Go to Ambari / core-site.xml and add to io.compression.codecs

Learning 2: Enable Tez

Use the following instructions to enable Tez for Hive Queries:

Copy the hive-exec-0.13.0.jar to HDFS at the following location: /apps/hive/install/hive-exec-0.13.0.jar.

    $ su - hive
    $ hadoop fs -mkdir /apps/hive/install
    $ hadoop fs -copyFromLocal /usr/lib/hive/lib/hive-exec-* /apps/hive/install/hive-exec-0.13.0.jar

Enable Hive to use Tez DAG APIs. On the Hive client machine, add the following to your Hive script or execute it in the Hive shell:

    set hive.execution.engine=tez;

Disabling Tez for Hive Queries: Use the following instructions to disable Tez for Hive queries:

On the Hive client machine, add the following to your Hive script or execute it in the Hive shell:

set hive.execution.engine=mr;

Learning 3: Flume from Ambari directly

In latest Ambari, we can start Flume directly with configuration file content.

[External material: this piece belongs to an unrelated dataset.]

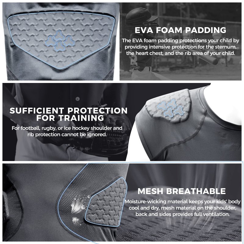 - High-density EVA foam padding protection during games. The 5-Pad Shirt protects your kids' sternum, heart chest, Waist, ribs and shoulder, Collarbone area from sudden impacts and slight injuries from balls, pitches, and hard hits. In addition, the football padded shirt can be worn under your kids' shoulder pads to relieve the pain, and irritation your kids were feeling from your pads.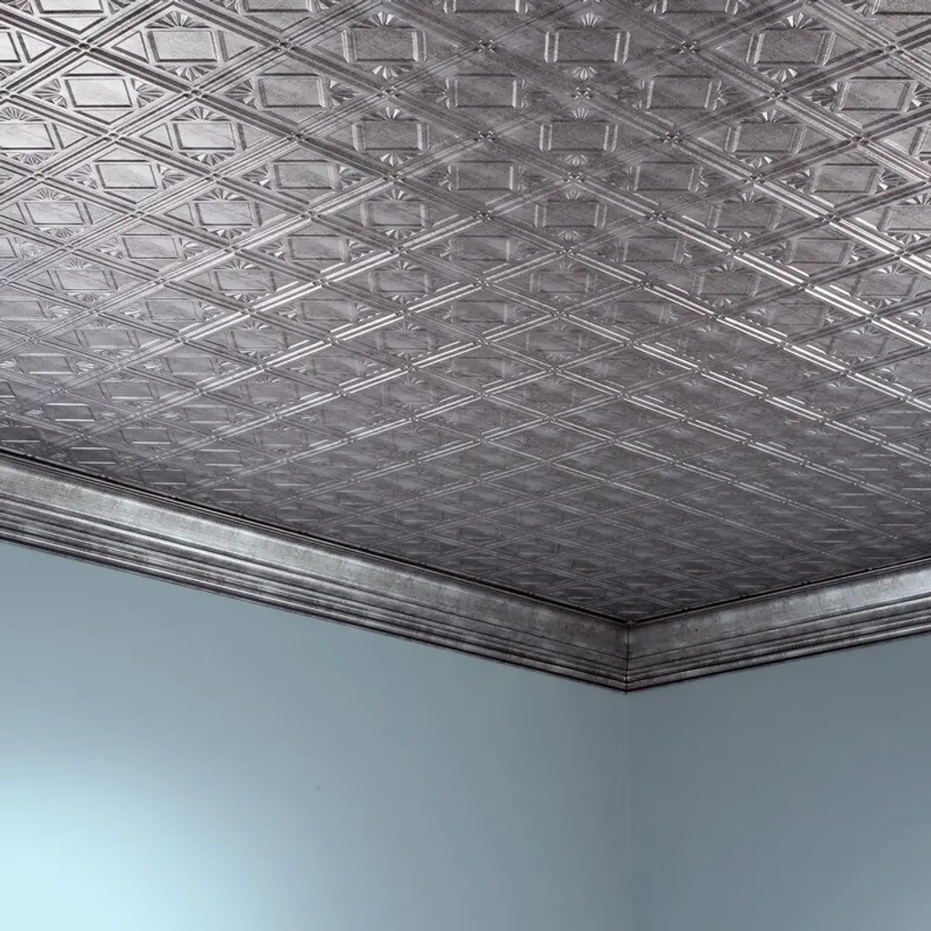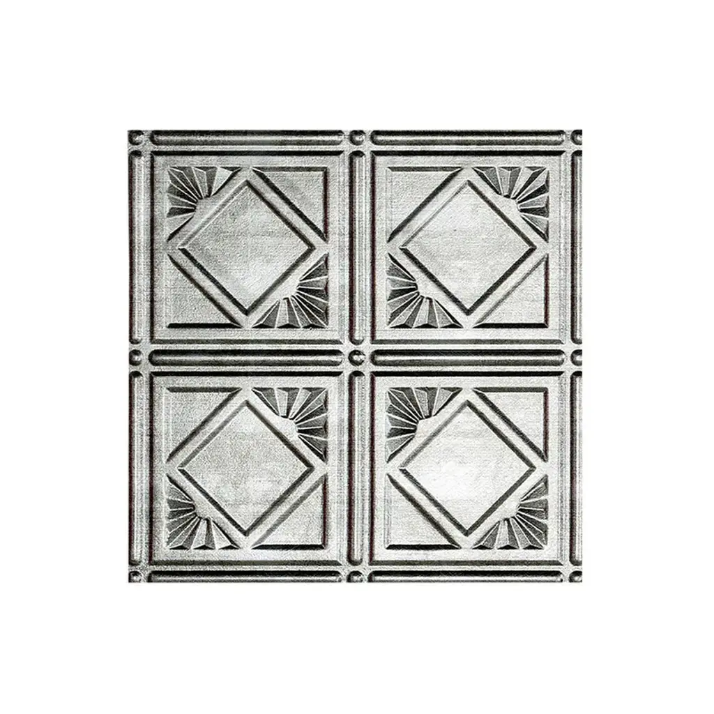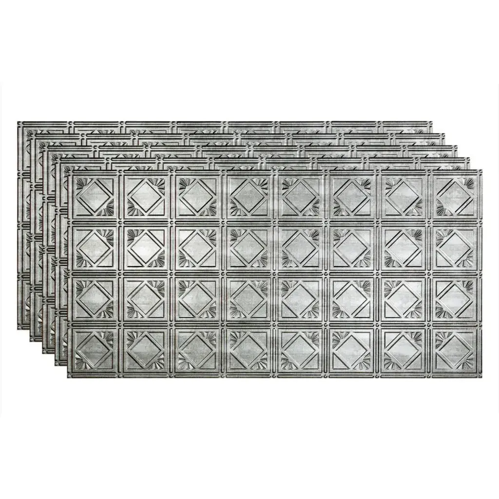Fasäde Traditional Style 4 Decorative Vinyl 2Ft X 4Ft Glue Up Ceiling Panel In Crosshatch Silver (5 Pack) - 5 Pack - Crosshatch Silver

Learning 4: Flume-Ng command to start service from CLI in debug mode

$ bin/flume-ng agent --conf ./conf/ -f conf/flumeSkyNet.conf -Dflume.root.logger=DEBUG,console -n agentADSB

Learning 5: Finding Hadoop Echo Systems version from Ambari

Admin à Cluster (Hue interface à About is the other way to find from Hue interface)

Issue 1: Could not resolve org.apache.hcatalog.pig.HCatStorer  - Error in HDP2.2.

At the end of the "pig script" section, there is a text box that says "pig arguments".
Type -useHCatalog and then press Enter
It should highlight in gray and add a new empty text box
Use org.apache.hive.hcatalog.pig.HCatLoader(); instead of "org.apache.hcatalog.pig.HCatLoader();"

Issue 2: cannot access /usr/lib/hive/lib/slf4j-api-*.jar: No such file or directory

1. find / -name slf4j-api-*.jar
2. cp /usr/lib/hive/lib/

Issue 3: Pig 'bytearray' type in column 0(0-based) cannot map to HCat 'STRING'type.  Target filed must be of HCat type {BINARY}

Change pig type to chararray

Issue 4: Column names should all be in lowercase. Invalid name found: airGround

Change column names to lowercase in pig

Issue 5: Permissions issues with Linux scripts and HDFS permissions due to root id and hue id

Make sure the automated process has correct permissions to read / write / execute

Issue 6: Flume: “[ERROR - org.apache.flume.source.NetcatSource.start(] Unable to bind to socket.” during the source connectivity

In Progress ….